DTC 伊東氏 まだ具体的な支援メニューが固まっているわけではありませんが、「学ぶ」「試す」「実践する」の3つのテーマでみずほ銀行とノウハウを共有しながらご支援するのが良いのではないかと考えています。
「学ぶ」は、地域金融機関の行員の方に、みずほ銀行の法人ビジネスに関するDXプロジェクトに参加していただく支援方法です。プロジェクトメンバーの一員として、構想の策定から実行までのプロセスに携わることで、体系的なフレームワークや実践的なスキル・ノウハウを持ち帰ることができ、自行のDX戦略・施策の構想の参考にしていただけるのではないかと思います。

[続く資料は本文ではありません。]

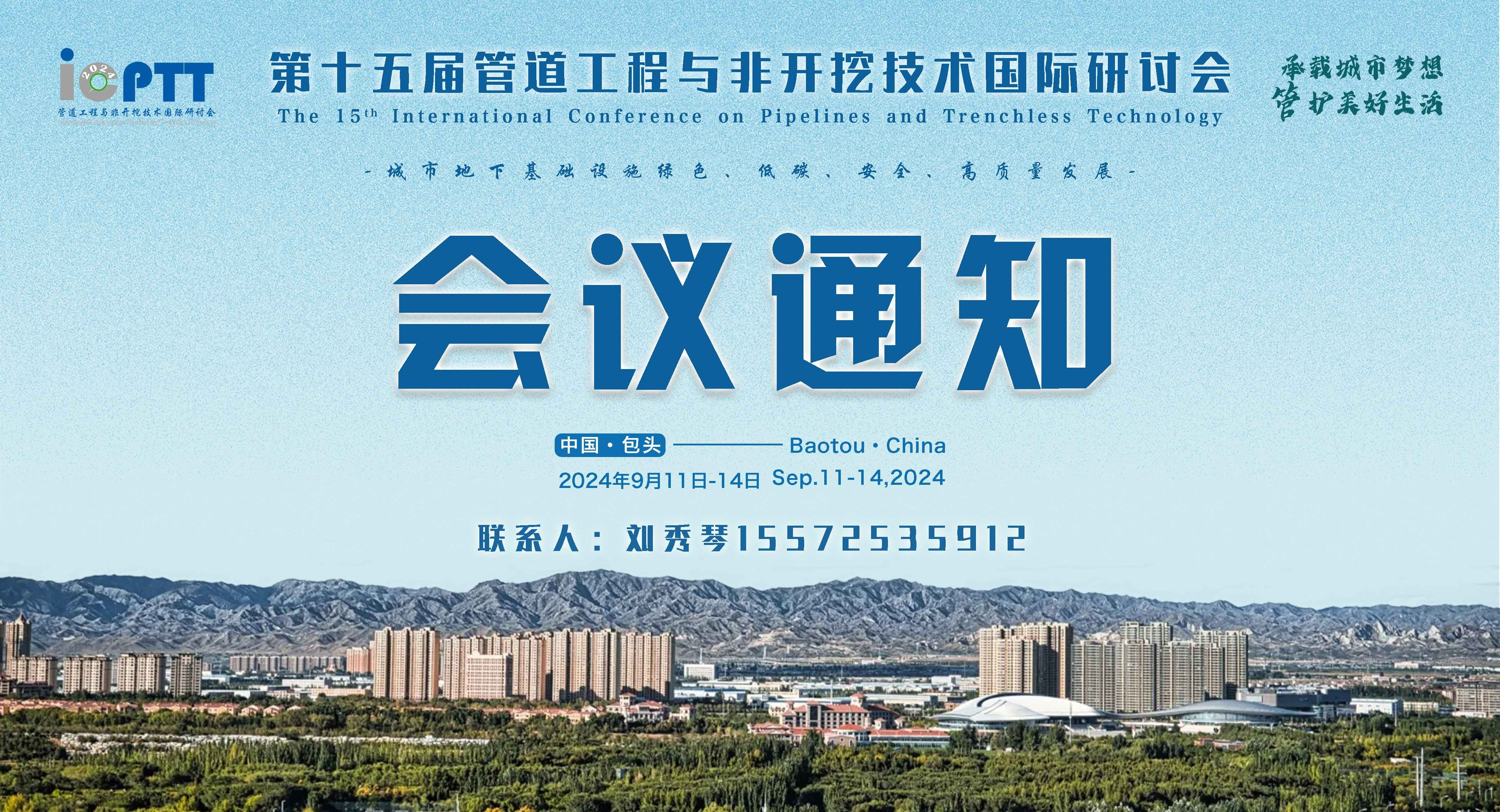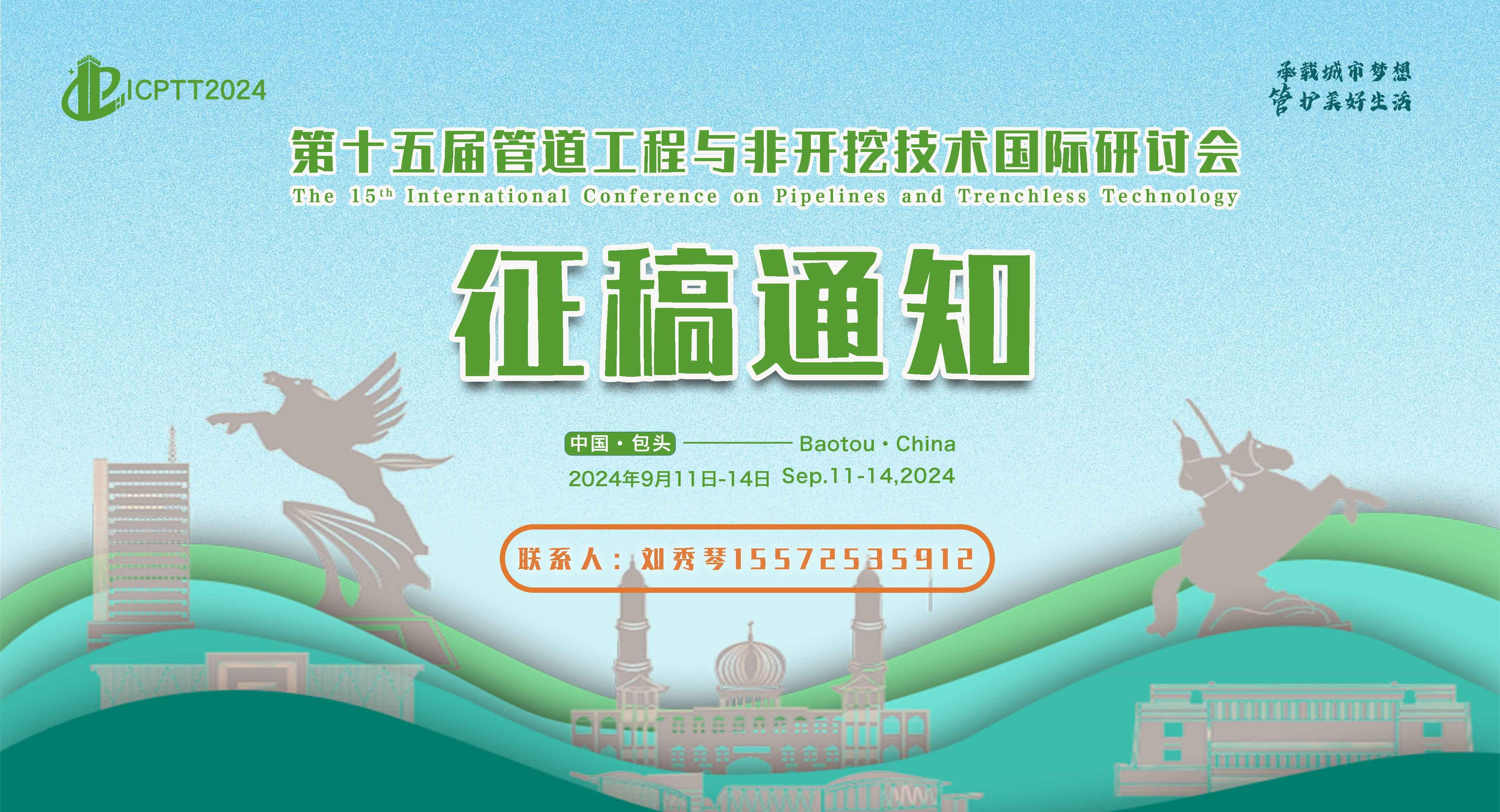 關于召開“第十五屆管道工程與非開挖技術國際研討會(ICPTT2024)”的通知 各有關單位: 為了持續更好地推動管道工程和非開挖技術領域創新性科研成果、新技術和先進工程經驗的探討、交流和復雜問題的協同研究,促進管道與非開挖工程領域政、產、學、研、用的共同進步,快速提高管道建設水平,服務于我國城市地下管線基礎設施建設與更新改造,中山大學、內蒙古科技大學、同濟大學、鄭州大學、中國地質大學(武漢)、長江生態環保集團有限公司、壩道工程醫院等單位將于2024年9月11-14日在中國包頭市共同組織
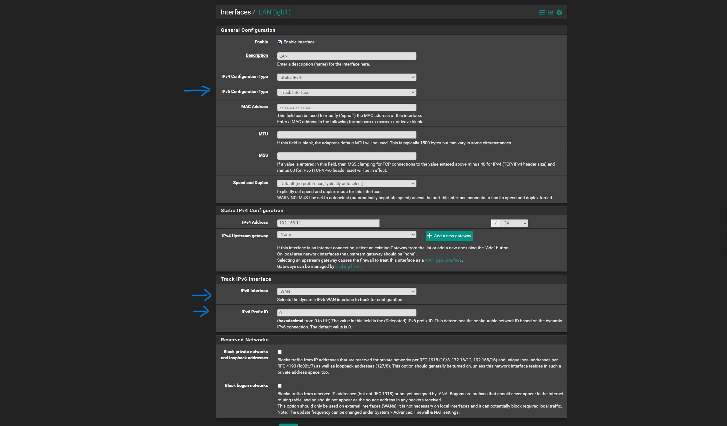 Mocht je maar 2 ethernet poorten tot je beschikking hebben, pak dan de instellingen van igb0(wan) en igb2(lan2)
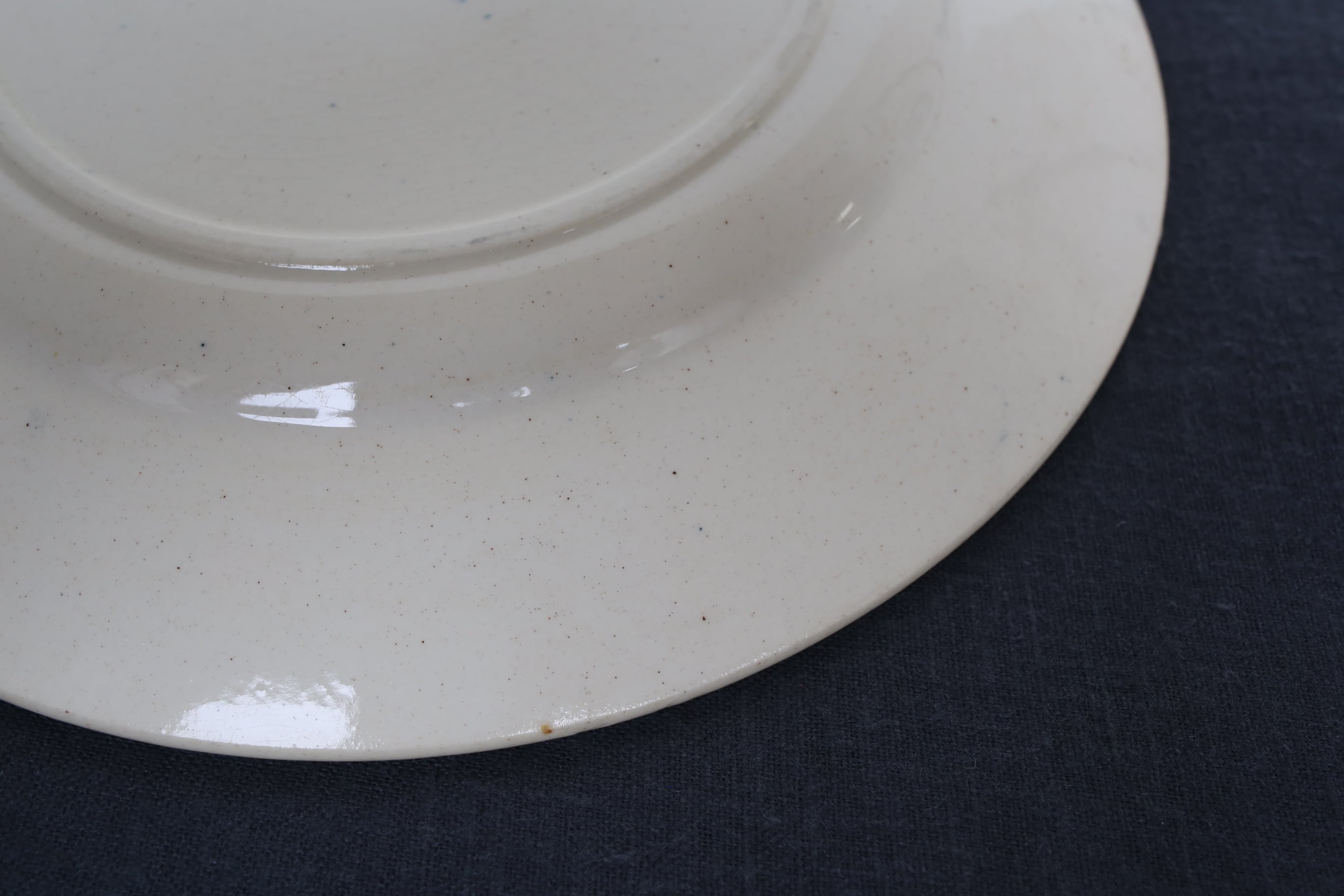 製造時の色むらや細かい刃傷はありますが、特筆すべきカケやヒビはなく、この年代の陶器としてはとても良い状態です。
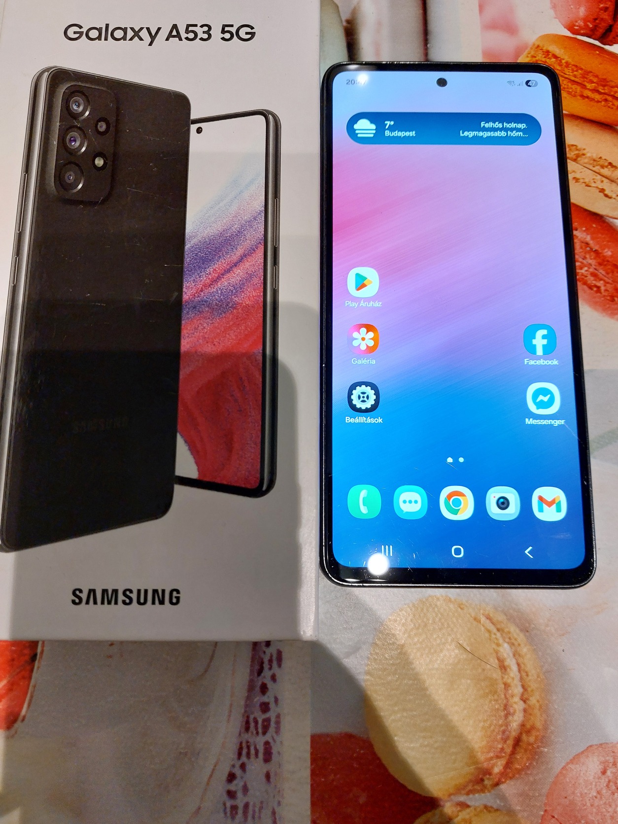 Eladó egy használt állapotú Samsung a53 duál simes készülék. A kijelzőn pár karc található de csak kikapcsolt állapotban látszik, keretét a tok megkoptatta, valamint a hátlap elvált (sajnos tipusbetegég), ami vissza lett ragasztva a hátlapon a ragasztó kis foltot hagyott próbáltam lefotózni. Működése hibátlan, kijelző nincs beégve, minden funkció hibátlanul működik, akksi is bírja 1 napot aktív használattal. Doboz, sim tű, adatkábel illetve egy gyári Samsung camera filter lencse jár hozzá. Személyesen dél Pesten megtekinthető vagy előre utalás után szállítás csomagautomatába. Az ár FiX!!!
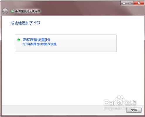 7、连接添加完成后,我们还可以进行无线网络设置 点击 更改连接设置 就可以了!如下图:
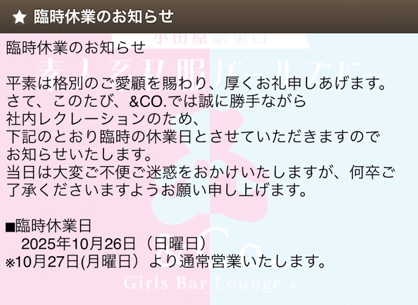 26日(日)臨時休業‼️‼️😅 - みさ - Girls Bar Lounge & Co.・アンドコー - 小田原駅東口のガールズバー

「試す」は、既存のアセット等を利用し、自行のポータルなどのプロトタイプを試作して施策実現時の効果を体感いただく支援方法で、デロイト トーマツは、プロトタイプの作成やPoCができる場の構築などを支援することが可能です。
「実践する」は、DXを推進する上で不足するシステム・人的リソースを補完する支援方法です。デロイト トーマツには様々な専門人材がそろっているので、適時適切な人材の供給が可能です。
みずほ銀行 大澤氏 地域金融機関には各社それぞれのビジネス戦略がありますし、デジタルを活用して目指す姿も異なると思います。手続きのしやすさ、ビジネスサポートの充実等、重きを置く領域も異なるでしょう。
みずほ銀行では、法人ビジネス領域の課題に関して網羅的な改善に着手し、打ち手の一つとしてM’s Paletteを構築してきました。初期構想からリリースするまでに約3年かかっていますが、その間、様々な試行錯誤や紆余曲折がありました。
戦略・戦術を根本から見直す際には、手触り感がないと何から検討するか、進む方向は確かなのかをつかみかねると思います。このような取り組みが世にあれば、私共ももっとスピーディーに歩みを進められたと思います。
──最後に、DX推進に踏み出そうとしている地域金融機関にメッセージをお願いします。
みずほ銀行 大澤氏 DXは既存のビジネスに大きくメスを入れることになります。変革を進めるためにはエネルギーが必要ですし、お客さまが望まれるものを追求する観点でも第三者の目が役立つと思います。
DTC 丸山氏 業務やサービスのデジタル化を進めれば、行員の皆さんはより付加価値の高い業務に注力できるようになります。リアルでの営業の質やスピードを上げるためにも、一緒にDXに取り組んでいただきたい。我々が全面的にご支援します。